What surrounds and concerns the prisoners is, for them, “the real” i.e. that which is. In the cave (any society and its social constructs) the prisoners feel “at home” and it is here that the prisoners find what they can rely on in the everydayness of their dealings i.e. what is of ‘use’ to them and for them. These are the “shadows”. This is what is called “personal knowledge” in the TOK course design and this personal knowledge is reliant on the fire or “shared knowledge” which illuminates and creates the shadows that the prisoners have come to call “knowledge”. The Greeks had a wonderful expression: “The future comes to meet us from behind”; and we can interpret this as meaning that what we are as human beings will come to pass and is coming to pass due to this “fire” that is behind us and which has determined and determines our “seeing” in the present for it is the fire that allows the shadows to be. For the Greeks, this knowing one’s way about in the everydayness of our dealings with the world was called “techne” and it was for them one form of knowledge.

In contrast to the inside of the Cave are the things that are visible outside of the cave: these, according to the allegory, are the ‘proper being of the beings’ or what things really are or what their essence consists in. This is where beings show up in their “visible form”. For Plato, this ‘visible form’ is not the ‘mere appearance’ of the thing/being, but is something of a ‘stepping forth’ whereby the thing presents itself to us so that it can be seen. In Greek, the visible form of something is eidos or idea. In the allegory, the thing/being, standing in its visible form, “shows itself”. In the allegory, the things that are visible outside of the cave, where one’s sight is free to look at everything, are the “ideas”. For Plato, if people do not have these “ideas” in their ‘seeing’, living beings, humans, numbers, and gods would not be able to be seen. We would not be able to see a tree as a tree, a house as a house, a god as a god.

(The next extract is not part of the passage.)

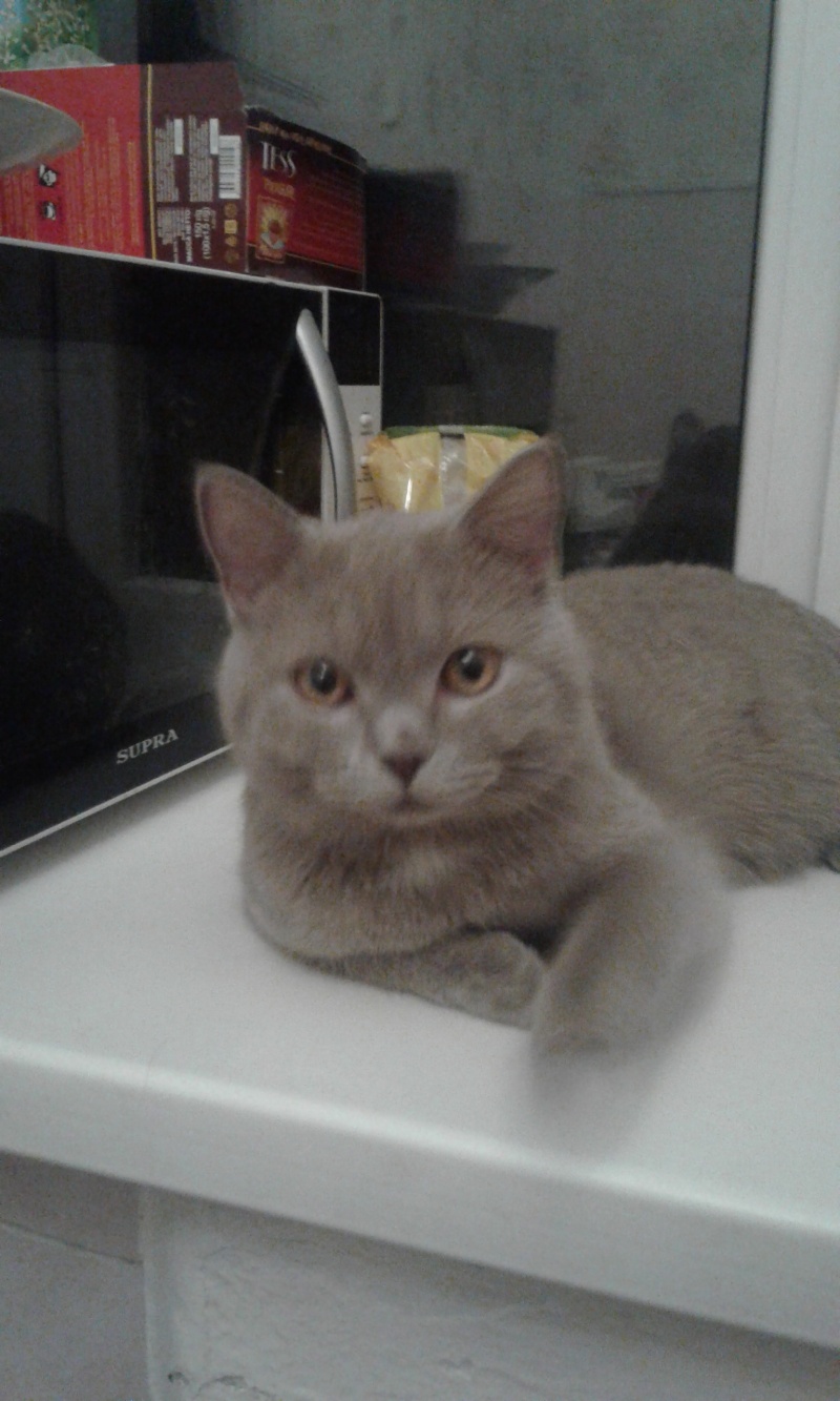 Котик молодой, крупный, годовалый, окрас серый, но ближе к лиловому, похоже, что в предках были британцы.

Usually we think we see this house or this tree directly. Generally, we never understand that we only ‘see’ these things in the ‘light’ of the ‘ideas’ and the ideas get their being and their light from the Sun or “The Idea of The Good”.  According to Plato, what the prisoners presume to be the ‘real’—what they can immediately see, hear, grasp and compute—always remains a mere faint representation or sketch of the idea, and consequently, a shadow. The things which are nearest to us in our concerns, even though they have only the consistency of shadows, hold us ‘enchained’ day after day.  This is what we have come to call our “personal knowledge”. Since we are unable to recognize the prison for what it is, we consider this everydayness the ground of our experience and judgement and that this everyday ground provides the sole standard for all things and relations including our dispositions in the arrangement of the things of experience. This is sometimes referred to as cognition in our readings in TOK.

Now if the human beings who are prisoners were to be ‘compelled’ to glance back at the fire whose light produces the shadows of the things being carried back and forth, this ‘turning’ would cause their habitual ‘seeing’ to be disrupted, and this disruption would change their behaviour and their current opinion of things. This change is rejected by the prisoners for they feel that they are in a clear and complete possession of the real.  The people in the cave are so passionately attached to their “view” or “way of seeing” that they are incapable of thinking or suspecting the possibility that what they are taking for the real is really mere shadows. But how could they know about the shadows when they do not want to even be aware of the fire in the cave and its light that “allows” their seeing and when this light is made by human beings (possibly) and is familiar to human beings? The fire is a metaphor for what we call “education” and it is the artisans (in Greek, the technes) who are the ‘keepers of the fire’. Techne in Greek is “know how” or to “know one’s way about or in something”. It is one possible definition or description of knowledge.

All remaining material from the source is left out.